3)lighting the streaming fuel from the 747 and then having the flame climb up the stream into the air to detonate the jet.
4)The “Glock 7, made from porcelain (!) that can go through airport metal detectors” Holy Christ.
What a horrible, horrible movie.
Oh, and I meant “Talk to the airplanes”, not “Take”. It was a crucial plot point that no one could get through to all the aircraft in the sky because the radio in the tower was under control of the terrorists. At the screening I went to, you could actually see people in the audience looking at each other and murmuring when that plot point was unveiled. Everyone picked up on that silliness.
And here’s another one: The aircraft needed the instrument landing system because there was a huge storm and they couldn’t land visually. But then, there’s a scene where a reporter says, “I can see the airplanes circling overhead.” Uh, if SHE can see THEM, THEY can see the ground.
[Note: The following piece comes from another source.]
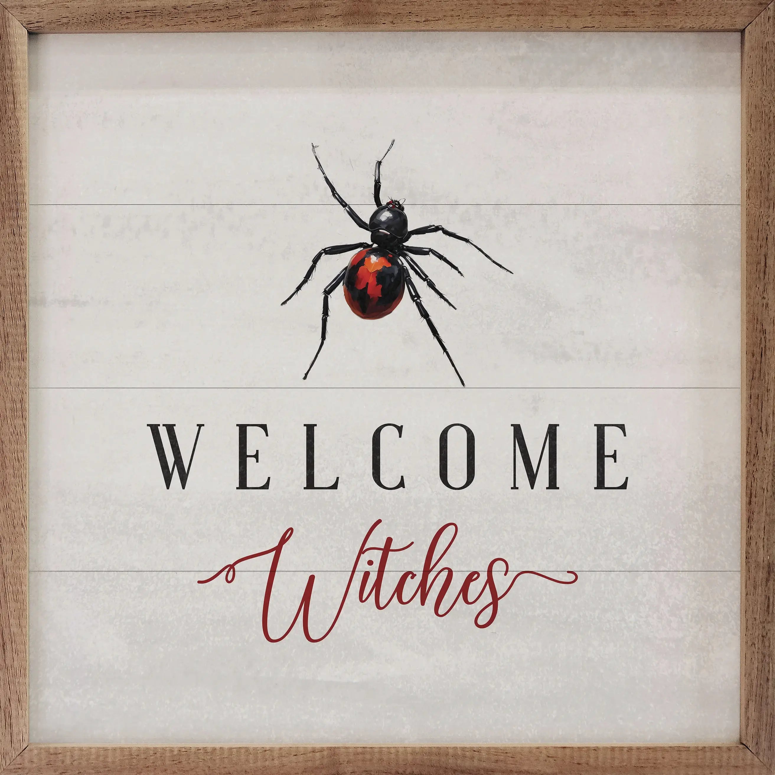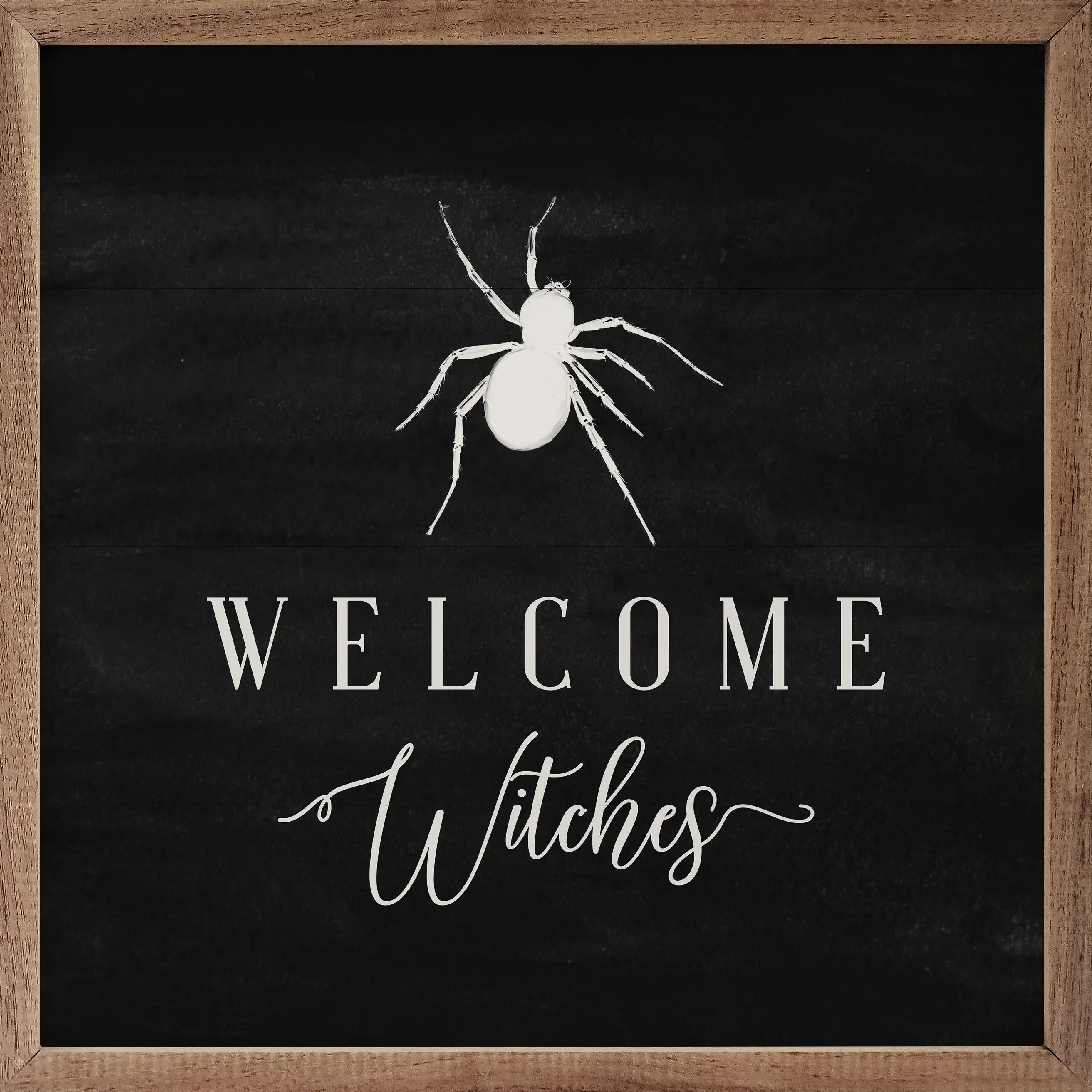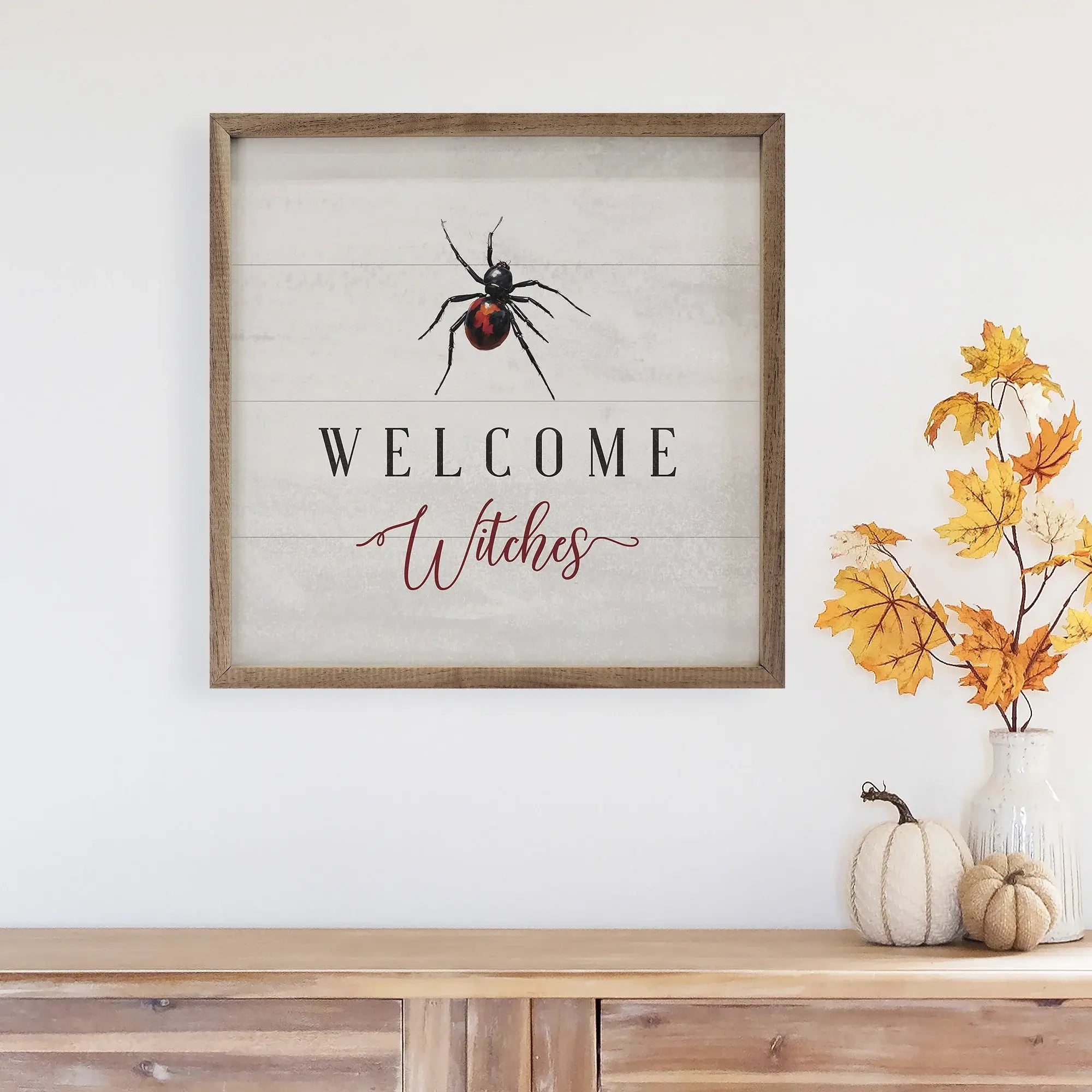 Welcome your spooky guests cottage style with this charming “Welcome Witches” print, complete with a creepy cute spider accent and set against a shiplap background framed in warm walnut wood, it adds just the right touch of Halloween whimsy. Available in classic black or white to suit your fall decor.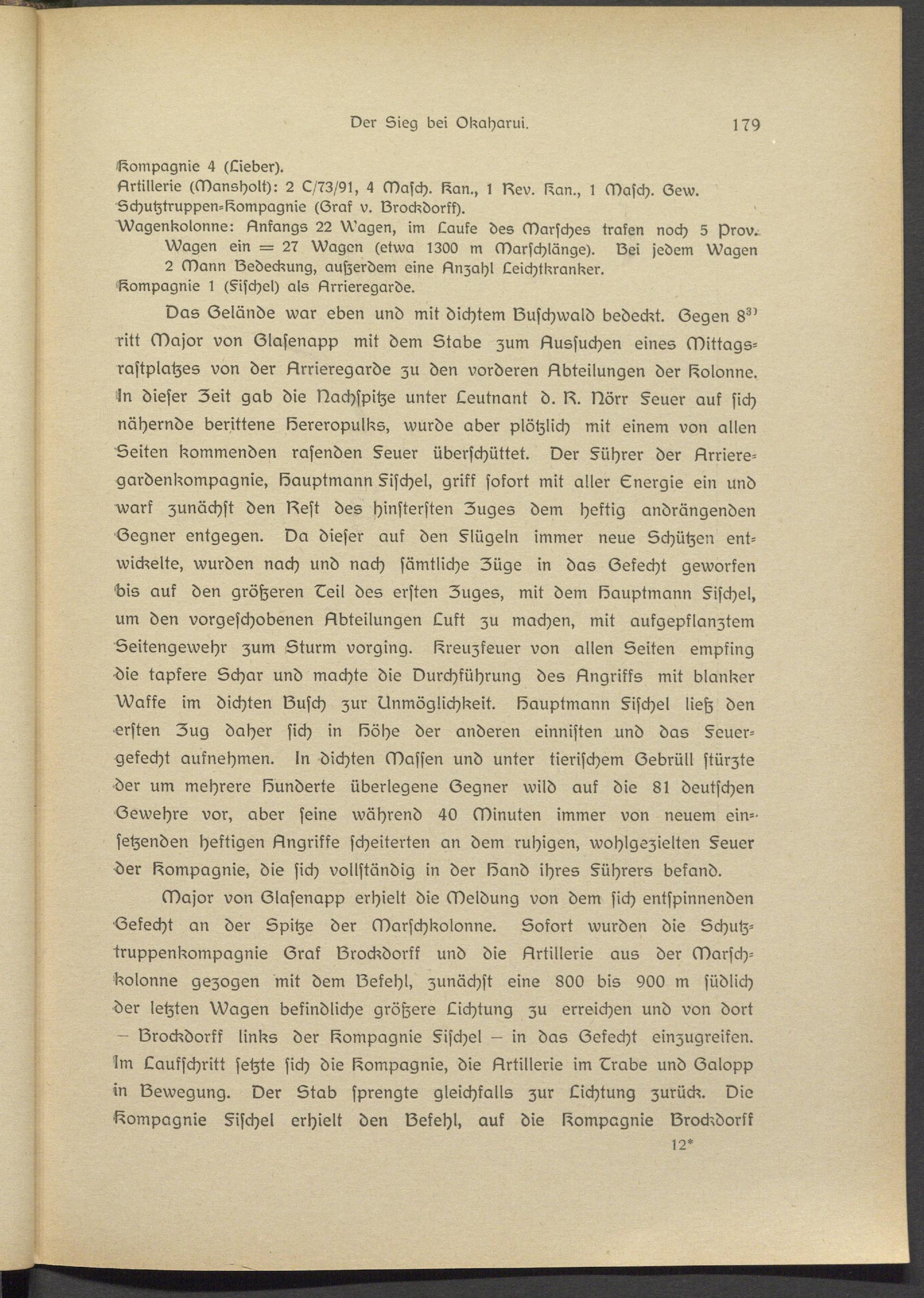 Artillerie (Mansholt): 2 L/73/9I, 4 Masch. kan., 1 ksv. kan., I Masch. Sevv. Lchutztruppen-Compagnie (Sraf v. Vrockdorfh.

I’ve seen better film in soap dishes.
What really annoys me about these types of errors is that they just scream, “We here in hollywood think our customers are STUPID!”. All of the errors I mentioned about could have been fixed trivially, without changing the plot at all. But you just know somewhere someone said, “Ah, don’t worry about it. The idiots in the audience will never notice.”